Embucket resolves each setting in the following order, from highest to lowest priority:

  1. CLI flags — passed directly to the binary.
  2. Environment variables — exported in the shell or set in the container.
  3. .env file — loaded once at startup from the working directory.

When the same setting appears at more than one level, the higher-priority source wins.

PurposeFlagEnvironment variableDefault
Metastore config path--metastore-configMETASTORE_CONFIGunset
Bind host--hostBUCKET_HOSTlocalhost
Bind port--portBUCKET_PORT3000
Result serialization--data-formatDATA_FORMATjson
Parser dialect--sql-parser-dialectSQL_PARSER_DIALECTsnowflake
Query concurrency--max-concurrency-levelMAX_CONCURRENCY_LEVEL8
Query timeout--query-timeout-secsQUERY_TIMEOUT_SECS1200
Demo user--auth-demo-userAUTH_DEMO_USERembucket
Demo password--auth-demo-passwordAUTH_DEMO_PASSWORDembucket
JWT signing secret--jwt-secretJWT_SECRETunset
Tracing level--tracing-levelTRACING_LEVELinfo
Service idle timeout--idle-timeout-secondsIDLE_TIMEOUT_SECONDS18000

Embucket supports two ways to configure the metastore: a YAML configuration file or environment variables. The YAML file supports many volumes and full schema/table definitions. Environment variables configure a single volume and work well for simple deployments.
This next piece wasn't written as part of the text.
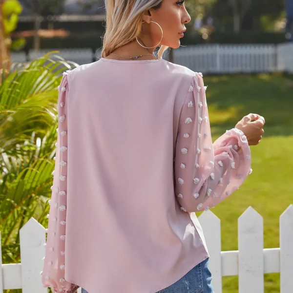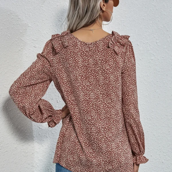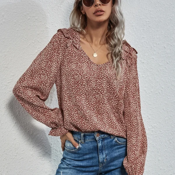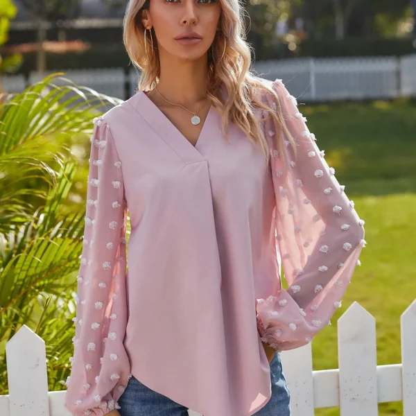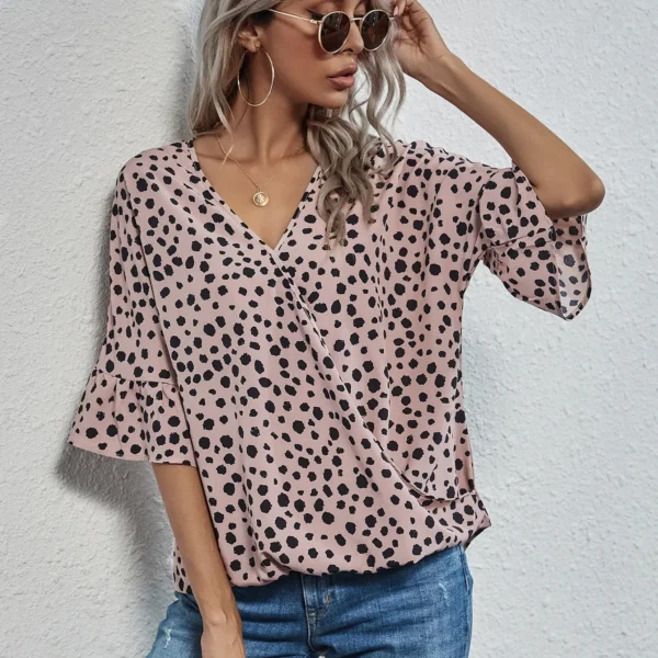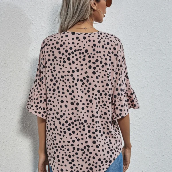 SMY Small V-Neck Dot Print Shirt For Spring, Autumn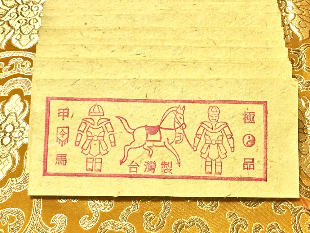 一般傳統甲馬都是圖案不清晰、兵將兵馬戰甲不夠完整性、因為在製作上為了控制紙張大小關係成本、所以都做的較薄印色兵器不清楚、極品看到了這種現象從新思考、設計、請教仙ㄟ做出一版符合現代使用的甲馬、把三國時期的『楚漢相爭,鴻溝為界』象棋概念帶入設計、一款真正純竹紙製作的甲馬、號角、兵器、酒葫蘆、戰甲、真正作戰所需的元素通通帶入、量不用多讓兵將都能滿意、都能喜歡、真正落實環保燒了不會亂飛。

Set METASTORE_CONFIG to the path of a YAML file that defines volumes, databases, schemas, and tables. Embucket reads this file at startup and registers every declared object.
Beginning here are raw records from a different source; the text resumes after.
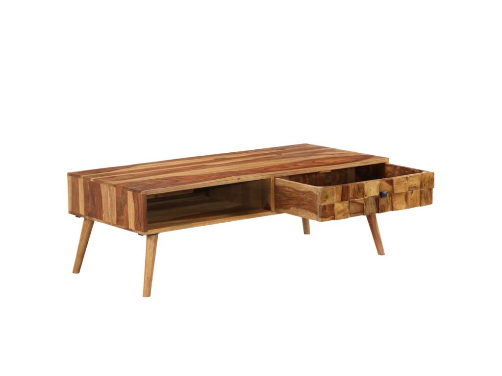 Náš konferenční stolek z masivního akáciového dřeva s povrchovou úpravou medové barvy vyzařuje působivé vintage kouzlo a krásně oživí vaši domácnost.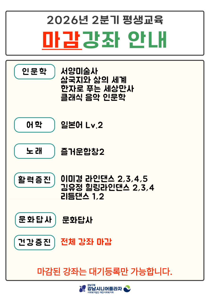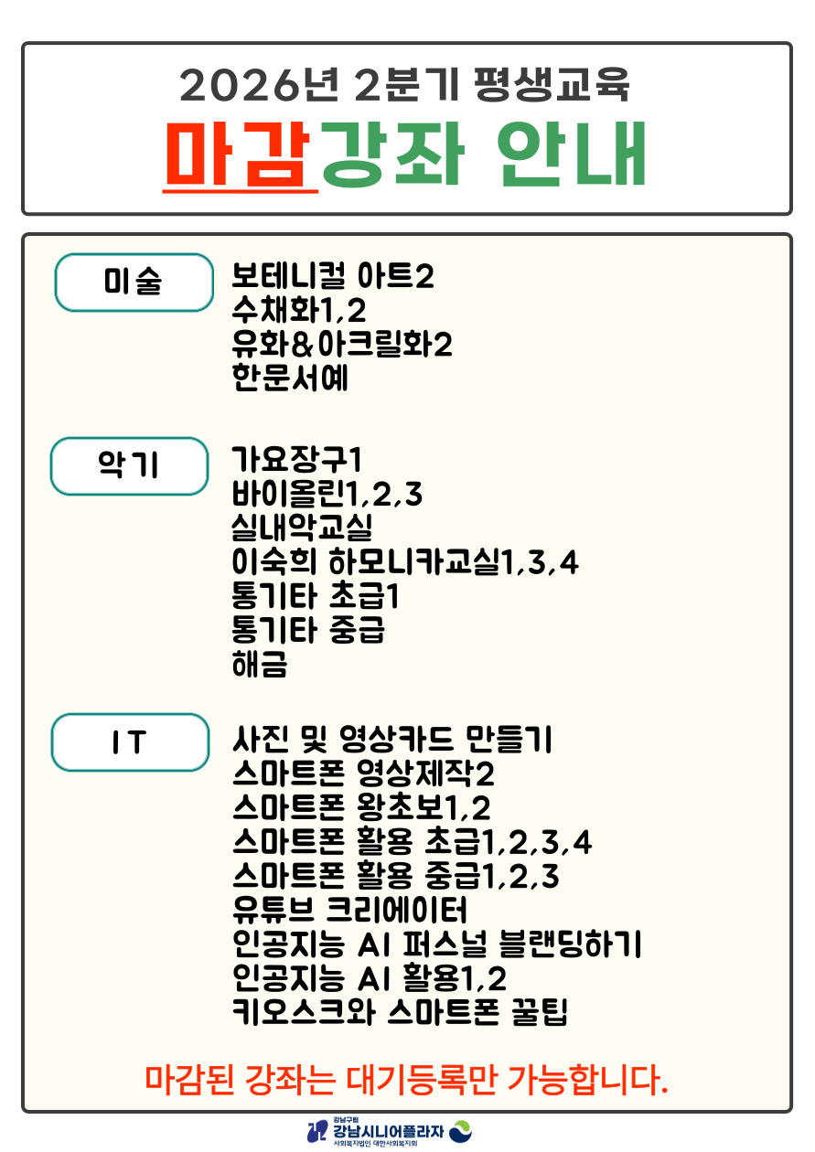[평생교육] 2026년 2분기 평생교육 프로그램 마감강좌 안내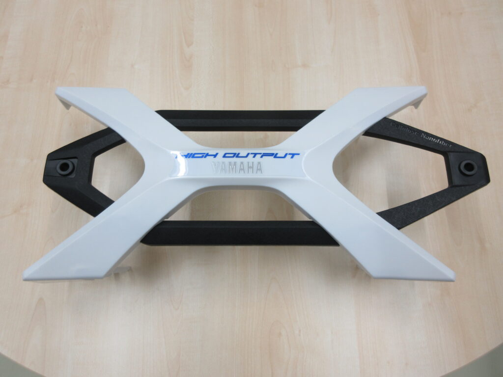 本製品は、セルロースナノファイバー(以下、CNF)を用いた射出成形材料により製作された、水上オートバイ用エンジンカバーです。 CNFを活用した輸送機器部品の量産化は、世界初の事例となります。 |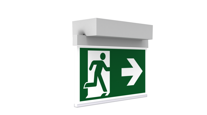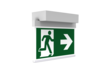 Luminaire moderne à pictogramme de secours en zinc moulé sous pression pour montage en saillie au plafond. La signalisation des issues de secours et des voies d’évacuation s’effectue au choix sur une face ou sur les deux faces.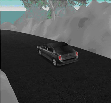 実際にコースもあるので車に乗って走り回ることができる。ギアは5段階だ(5速に入れたときは、スピードが速すぎて海に突っ込んでしまった……)。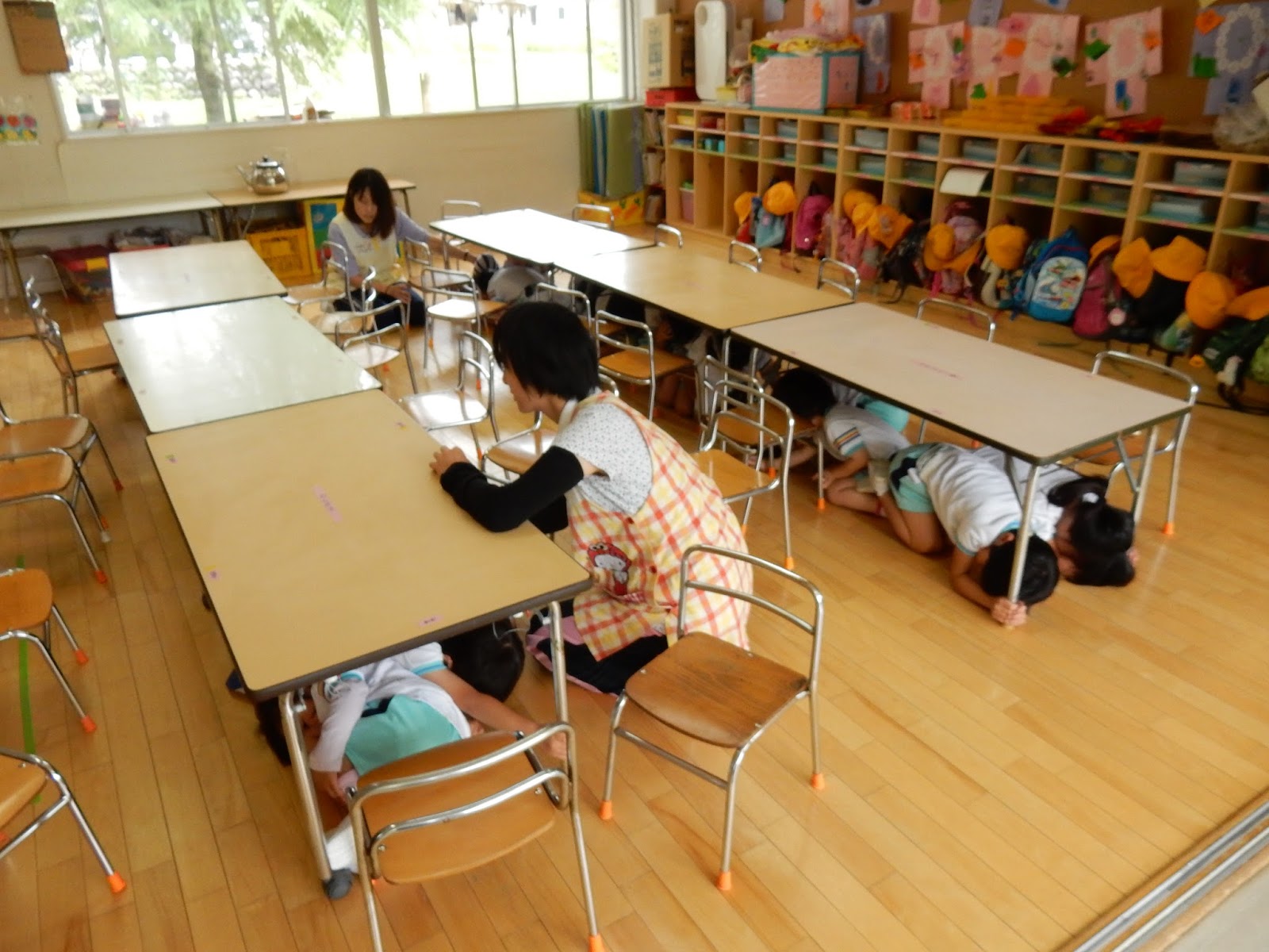 実際に地震の合図の大太鼓が鳴ると、すぐに外へ飛び出そうと走り出したり、机の下でお友達とぶつかってしまったり、ビックリして泣き出してしまったり。でも、先生のお話を聞いている間に少しづつ落ち着いて、机にもぐってからは、みんなじっと地震がおさまるのを待つことができました。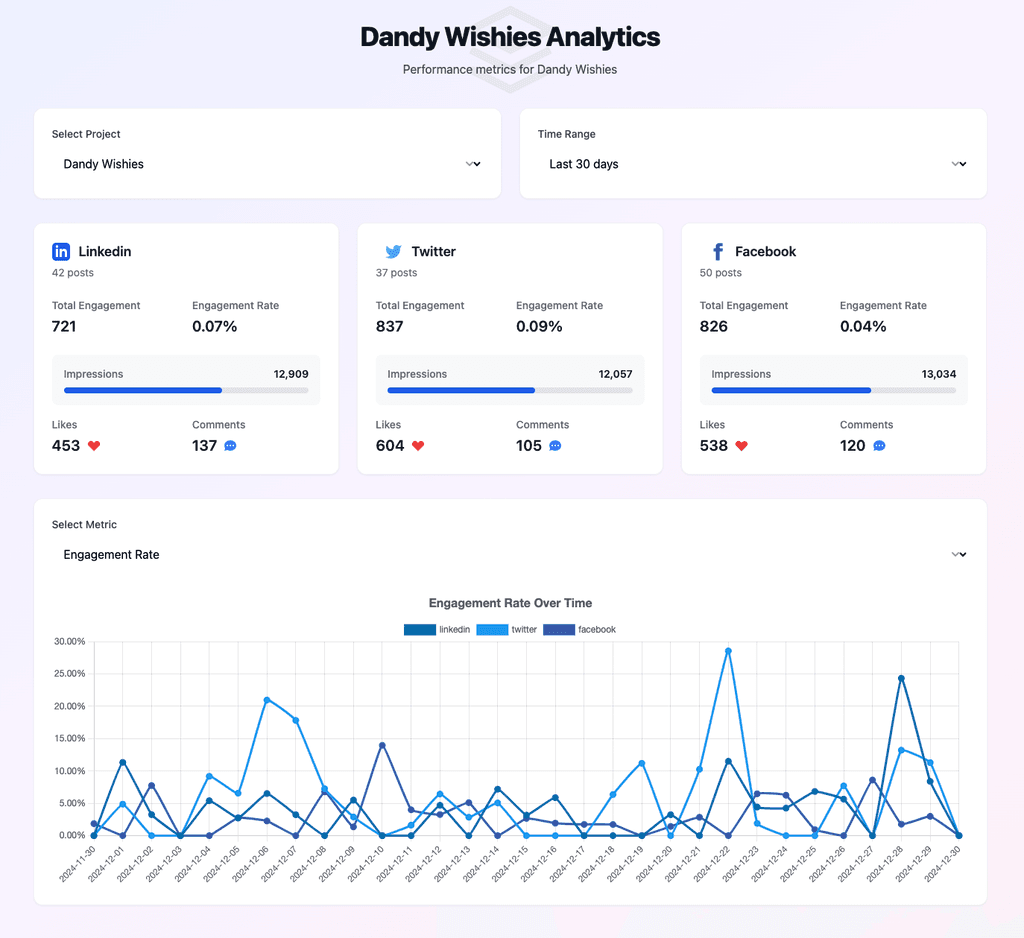 Track engagement across all platforms with detailed metrics and visualizations. Monitor your social media performance in real-time.

A minimal configuration with no external volumes:

volumes: []

S3 Tables volume:

volumes:
- ident: embucket
type: s3-tables
database: demo
credentials:
credential_type: access_key
aws-access-key-id: ACCESS_KEY
aws-secret-access-key: SECRET_ACCESS_KEY
arn: arn:aws:s3tables:us-east-2:123456789012:bucket/my-table-bucket

External Iceberg tables on S3:

volumes:
- ident: lakehouse
type: s3
region: us-east-2
bucket: YOUR_BUCKET_NAME
credentials:
credential_type: access_key
aws-access-key-id: YOUR_ACCESS_KEY
aws-secret-access-key: YOUR_SECRET_KEY
databases:
- ident: demo
volume: lakehouse
schemas:
- database: demo
schema: tpch_10
tables:
- database: demo
schema: tpch_10
table: customer
metadata_location: s3://YOUR_BUCKET_NAME/tpch_10/customer/metadata/00001.metadata.json

When you enable the state-store-query feature, Embucket persists query state in DynamoDB. See AWS Lambda deployment for how to enable this feature. Configure the table name and connection with the following variables.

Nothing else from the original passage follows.